Tuesday, January 31, 2012

'Road Runoff Spurring Spotted Salamander Evolution'

This is a press release sent by none other than the one and only David DeFusco, director of Media Relations and Outreach and
editor, Environment:Yale magazine. It is not edited here - but is posted because it is amazing news. And what is not to love about turns of phrase such as "bystanders to human activities." (The photo also is courtesy of David's link - thanks David!)

NEW HAVEN —Spotted salamanders exposed to contaminated roadside ponds are adapting to their toxic environments, according to a Yale paper in Scientific Reports. This study provides the first documented evidence that a vertebrate has adapted to the negative effects of roads apparently by evolving rapidly.
 Salamanders breeding in roadside ponds are exposed to a host of contaminants from road runoff. Chief among these is sodium chloride from road salt, which reaches average concentrations of 70 times higher in roadside ponds compared to woodland ponds located several hundred feet from the road.
"While the evolutionary consequences of roads are largely unknown, we know they are strong agents of natural selection and set the stage for fast evolution," said Steven Brady, the study's author and a doctoral student at the Yale School of Forestry & Environmental Studies. "These animals are growing up in harsh environments where they face a cocktail of contaminants, and it appears that they are evolving to cope with them."
Brady found that salamanders in roadside ponds have higher mortality, grow at a slower rate and are more than likely to develop L-shaped spines and other disfigurements. In roadside ponds, only 56 percent of salamander eggs survive the first 10 weeks of development, whereas 87 percent survive in the woodland ponds.
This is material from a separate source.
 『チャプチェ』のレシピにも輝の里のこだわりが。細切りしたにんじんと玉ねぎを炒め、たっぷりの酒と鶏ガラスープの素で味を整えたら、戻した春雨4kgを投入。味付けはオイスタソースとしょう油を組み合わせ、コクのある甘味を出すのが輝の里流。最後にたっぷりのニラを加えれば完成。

As roadside ponds become more toxic, the surviving salamanders may develop a genetic advantage over their counterparts living in woodland ponds.
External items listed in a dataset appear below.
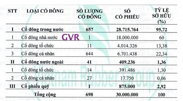 TRC là công ty con của GVR với tỷ lệ sở hữu 60%, còn lại là cổ đông tổ chức và cá nhân khác, freefloat khoảng 25.5% tương đương 11 triệu cổ phiếu.
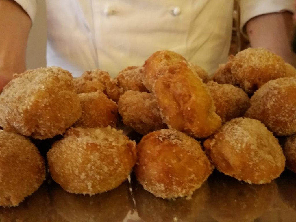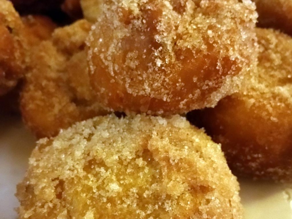 Friggere il tutto in abbondante olio, formando delle palline con l'aiuto di due cucchiai (procedimento per fare le quenelles) oppure con un cucchiaio da gelato. Spolverare con zucchero semolato ancora calde e servire.
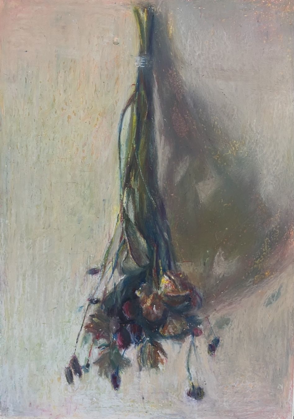 壁に吊るされている花束を描きました。じきにドライフラワーになることを想像しながら見ていただきたいです。

However, the salamanders that survive year after year in the roadside ponds appear to have adapted to the harsh conditions.
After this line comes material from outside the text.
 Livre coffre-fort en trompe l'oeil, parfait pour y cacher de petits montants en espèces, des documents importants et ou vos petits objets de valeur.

"The animals that come from roadside ponds actually do better—substantially better—than the ones that originate from woodland ponds when they're raised together," Brady said.
That animals adapt to human activities is not altogether new. For example, fish have begun to mature at smaller sizes in response to commercial fishing. But whereas humans directly utilize fish for consumption, salamanders are just bystanders to human activities. This suggests that the majority of species, which are not specifically targeted for human use, may be experiencing profound evolutionary consequences. And it appears that even species not being driven to extinction—and seldom thought about—are changing.
"This adaptation is certainly encouraging for conservation," said Brady. "But our modern footprint is fundamentally changing species in ways we don't understand and, critically, we don't know if these adaptive responses will keep pace with environmental change."
Brady observed the development of the salamanders in 10 ponds—five roadside and five woodland—at Yale Myers Forest and in the town of Willington, both in northeastern Connecticut. The paper, "Road to Evolution? Local Adaptation to Road Adjacency in an Amphibian (Ambystoma maculatum)," is available at www.nature.com/srep/2012/120126/srep00235/full/srep00235.html.